In a paper that is bound to generate controversy, three University of Pennsylvania bioethicists argue in a medical journal this week for the return of the mental asylum.

The nation, they say, has too few inpatient beds for people with serious mental illnesses. As a result, very sick people are winding up homeless or in prison, nursing homes, and hospital emergency departments.

Dominic Sisti, director of Penn's Scattergood Program for the Applied Ethics of Behavioral Healthcare and lead author of the new paper, used words like appalling and shocking to describe the current state of affairs, which he sees as both morally wrong and financially shortsighted.

His article, titled "Improving Long-term Psychiatric Care, Bring Back the Asylum," appeared in Tuesday's Journal of the American Medical Association. It was coauthored by Andrea Segal and bioethics department chair Ezekiel Emanuel, who recently explored the downside of old age in another attention-grabbing essay, "Why I Hope to Die at 75."

Sisti said their use of the word asylum wasn't meant to be "intentionally provocative."

"We're hoping to reappropriate the term to get back to its original meaning, which is a place of safety, sanctuary, and healing, or at least dignified healing for people who are very sick."

He said he anticipates some "pushback."

Michael Brody provides it. He is president and CEO of the Mental Health Association of Southeastern Pennsylvania, which has long advocated for community care for people with mental illnesses.

To him, the word asylum is "code for reinstitutionalization of people and segregating them," he said. "Ultimately what happens when these asylums are re-created is, people get lost, ignored, segregated, and forgotten. . . . They have no ticket back into the community."

He thinks government dollars would be better spent on alternatives like Pennsylvania's long-term structured residences (LTSRs). These smaller facilities provide structure and support, but allow closer ties to neighborhoods. Even the most seriously mentally ill usually do not need the level of care provided in hospitals all the time, Brody said.

He would also spend more on early identification and treatment of mental illness to prevent more serious problems.

In the essay, the Penn team said the number of patients in the country's state psychiatric facilities fell from 560,000 in 1955 to 45,000 as a result of the deinstitutionalization movement. The United States now has 14 public psychiatric beds per 100,000 people, the same as in 1850. On average, Sisti said, countries in the European Union have 50 beds per 100,000.

Pennsylvania has about 1,390 patients in its state psychiatric hospitals, with room for 1,450. The highest number on record was 35,000 inpatients in 1966. The New Jersey Department of Human Services did not respond to a request for information.
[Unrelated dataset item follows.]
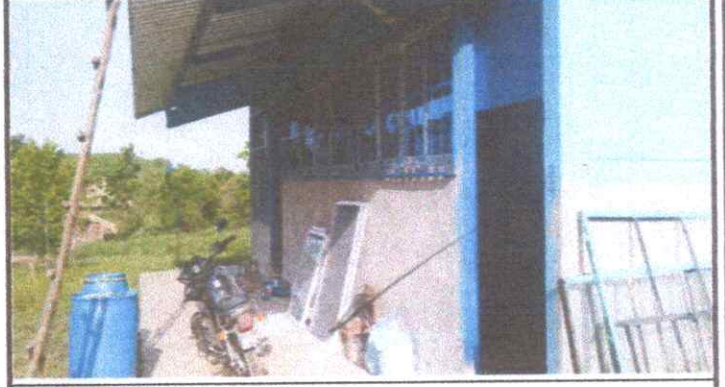
SUSTITUCION DE VENTANAS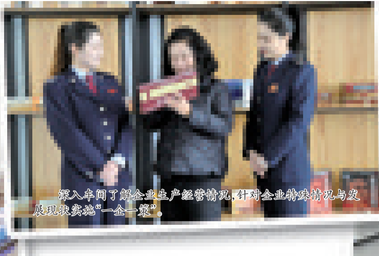
深入车间了解企业生产经营情况,针对企业特殊情况与发 展现状实施“一企一策”。

The bioethicists, who do not shrink from multi-syllable words, argue that what really happened was not deinstitutionalization but transinstitutionalization. That means that at least some residents of mental hospitals did not thrive in their communities, as hoped, but shifted to inappropriate institutions, most notably prisons.

"Prisons have become our largest mental health facility," Sisti said.

An estimated 10 million U.S. residents have serious mental illnesses, according to the article. And many of them - especially those with severe schizophrenia and bipolar disorder - cycle among the street, hospitals, and jails.

While it is clear that the country did not create enough community services, the ethicists argue that some seriously mentally ill people need inpatient care because they "cannot live alone, cannot care for themselves, or are a danger to themselves and others."

Sisti said it is very hard to calculate how much inappropriate care is costing or how many people should be in asylums. He thinks about one-third of people with schizophrenia need supervised long-term care. He defined that as at least 60 days.

He envisions asylums built in a campuslike environment with varying degrees of security. They would be "patient-centered and collaborative," and "modeled on the principles of the recovery movement, which emphasizes patient autonomy to the extent that that's possible."

He said long-term placement might require changes to policies governing when patients can be treated against their will.

As for the cost, the Penn team said a new state hospital in Worcester, Mass., has 320 private rooms and an annual budget of $60 million. That works out to $187,500 per patient. A state hospital in Michigan costs $260,000 per patient.

While he thinks the best argument for long-term treatment is a moral one, Sisti thinks it would also be more cost-effective in the long run, "even at a quarter-million a year."